> [Problem requirements]:
Give back the listing in full and exactly, leaving out the images.

> [Exercise data]:

§

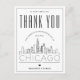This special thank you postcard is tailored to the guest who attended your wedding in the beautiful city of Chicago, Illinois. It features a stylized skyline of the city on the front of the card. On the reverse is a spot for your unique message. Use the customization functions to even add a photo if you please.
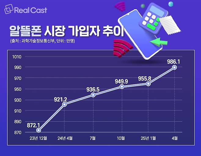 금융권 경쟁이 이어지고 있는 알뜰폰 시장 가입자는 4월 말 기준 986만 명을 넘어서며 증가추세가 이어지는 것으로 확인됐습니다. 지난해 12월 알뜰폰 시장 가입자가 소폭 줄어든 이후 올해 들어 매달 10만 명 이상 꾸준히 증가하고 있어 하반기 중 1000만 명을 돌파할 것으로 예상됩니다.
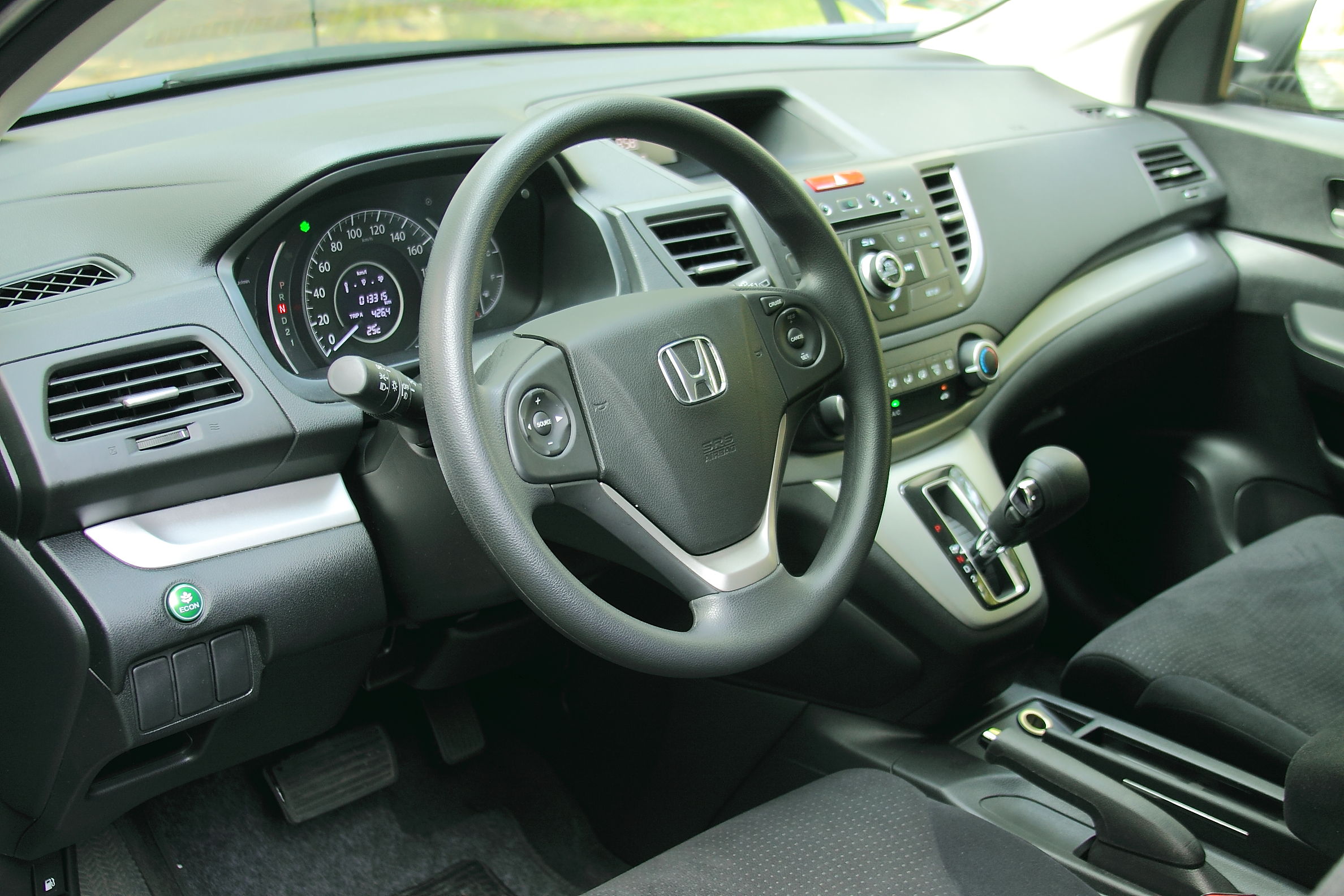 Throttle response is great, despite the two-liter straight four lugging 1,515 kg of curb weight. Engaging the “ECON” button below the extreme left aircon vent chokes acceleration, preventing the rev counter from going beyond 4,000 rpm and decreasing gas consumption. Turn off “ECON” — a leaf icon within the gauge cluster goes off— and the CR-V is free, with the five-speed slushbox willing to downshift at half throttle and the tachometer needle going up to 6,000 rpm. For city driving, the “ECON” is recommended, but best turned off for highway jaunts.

§

> [Result of this exercise]:
This special thank you postcard is tailored to the guest who attended your wedding in the beautiful city of Chicago, Illinois. It features a stylized skyline of the city on the front of the card. On the reverse is a spot for your unique message. Use the customization functions to even add a photo if you please.
 금융권 경쟁이 이어지고 있는 알뜰폰 시장 가입자는 4월 말 기준 986만 명을 넘어서며 증가추세가 이어지는 것으로 확인됐습니다. 지난해 12월 알뜰폰 시장 가입자가 소폭 줄어든 이후 올해 들어 매달 10만 명 이상 꾸준히 증가하고 있어 하반기 중 1000만 명을 돌파할 것으로 예상됩니다.
 Throttle response is great, despite the two-liter straight four lugging 1,515 kg of curb weight. Engaging the “ECON” button below the extreme left aircon vent chokes acceleration, preventing the rev counter from going beyond 4,000 rpm and decreasing gas consumption. Turn off “ECON” — a leaf icon within the gauge cluster goes off— and the CR-V is free, with the five-speed slushbox willing to downshift at half throttle and the tachometer needle going up to 6,000 rpm. For city driving, the “ECON” is recommended, but best turned off for highway jaunts.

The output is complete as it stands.